While SBIRS’s primary mission is strategic missile warning, the system can support a wide range of research and development projects across the field of remote sensing, which is the monitoring, observing, and gathering of information on the Earth and atmosphere from space.
“By giving researchers access to this data, our objective is for them to find new, innovative uses for improving situational awareness—whether it is for tactical military missions, natural disasters or even firefighting,” said David Sheridan, vice president of Lockheed Martin’s Overhead Persistent Infrared (OPIR) systems mission area.
In the past year, the Air Force has seen a growing demand from the military, intelligence, and civil communities, as well as academia, for remote sensing capabilities. For areas like battlespace awareness, intelligence, and 24/7 tactical alerts, promising solutions developed in the lab will be considered for operational applications at the SBIRS Mission Control Station, OPIR Battlespace Awareness Center at Buckley Air Force Base, Colo.
“In an effort to develop, test and transition new or enhanced capabilities, the data utilization lab will provide an opportunity for users, data consumers and third-party developers to access these sensor feeds—providing an open framework architecture to host new tools, algorithms and processing solutions,” said Lt.
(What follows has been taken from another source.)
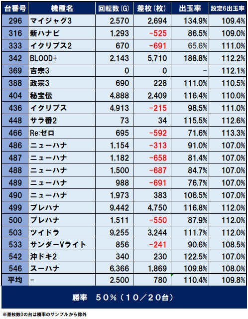 全体での結果は、差玉プラス39,060玉(平均+3,255玉)としっかりプラスで終えることが出来たので、良かったと思います。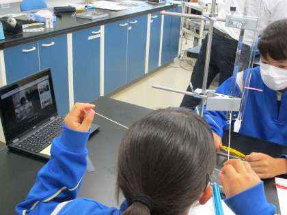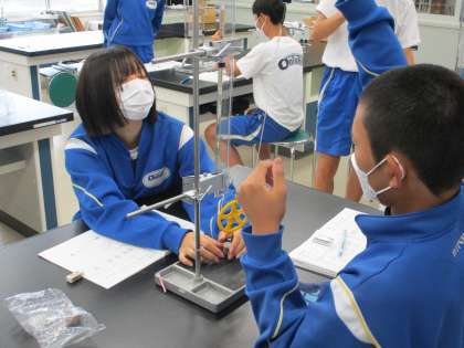 5月27日(金) 3年生(理科)「仕事の原理」 公開日 2022/05/27 更新日 2022/05/27 できごと 動滑車を使うと半分の力でものを動かすことができます。しかし、移動距離は?という学習をしています。皆真剣に実験や振り返りに取り組んでいます。

Colonel Ross Johnston of the Air Force Space and Missile Systems Center.
Along with government and industry teams, academic organizations like the University of Colorado will use the data provided by the lab to facilitate collaboration and support research in areas that include monitoring the Earth’s surface to determine the potential for forest fires or informing critical decisions during active fires.
“The benefit of having public-private partnerships is that we can bring together different stakeholders, in addition to doing research, and understand how we can use data from space assets to solve societal issues,” said Scott Palo, associate dean for research at the University of Colorado’s College of Engineering and Applied Science. “We can also provide opportunities for students, as well as small and medium-sized businesses, to connect with industry and government and develop a broader vision that we can all build upon.”